Chastity Berrios Hernández strives every day to make her bilingual classroom peaceful and welcoming for her students, many of whom come from single-parent, low-income households. She also promotes social and emotional learning while teaching the three R’s to her students who face personal and academic challenges.
We honored Ms. Berrios as an Alma Exley Scholar in 2017 when she was a student at Fairfield University. Since then, she has been teaching in bilingual, Spanish/English classrooms at Clinton Avenue School in New Haven.
Wish List on Amazon
Looking ahead to the new school year, she has established a wish list on Amazon to collect books and materials to help create a positive learning environment in her fourth-grade classroom. Click here to view the wish list.

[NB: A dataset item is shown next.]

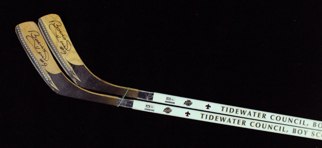 Description:Lot of (2) Bobby Hull signed hockey sticks (EX/MT). Both are "Tideater Council, Boy Scouts of America" sticks signed by Bobby Hull in black marker on the blade. Signatures rate 8/9 out of 10: EX/MT

“These books and materials will have a direct impact on my students in meaningful ways,” she said. “They will help to make the classroom feel welcoming–like a second home to them.
These resources are intended to help the students with social and emotional learning. Click here to read an article about social and emotional learning.
Life-Long Coping Skills
The materials are intended to help students to develop life-long coping skills and learn how to resolve conflict peacefully. They also will help them to overcome the barriers they face in learning a second language. Some of the items are for small-group instruction for both English and Spanish.
“The books listed are to add to our growing bilingual library,” Ms. Berrios said. “I am creating a book corner, a calming corner to enhance those times when we all need a small break.
“My practice in the classroom is always to get the students engaged in a hands-on manner. They are starting to see where they could be change-makers in all aspects of their lives. This past school year we talked a lot about the environment, animals, and the economy using the program called Panorama. This encouraged the students to start an initiative to pick up all the trash around the school twice a week.
“I often talk to my students about my personal life story and how I decided to become a teacher,” Ms. Berrios said. “I had only one teacher of color in my public-school career. She made such a difference in my life, and that’s when I realized that students need a teacher like me.
“I’m sending heartfelt thanks to all who consider getting involved to make a difference for our students,” she said. “No amount is too small, and all will be appreciated.”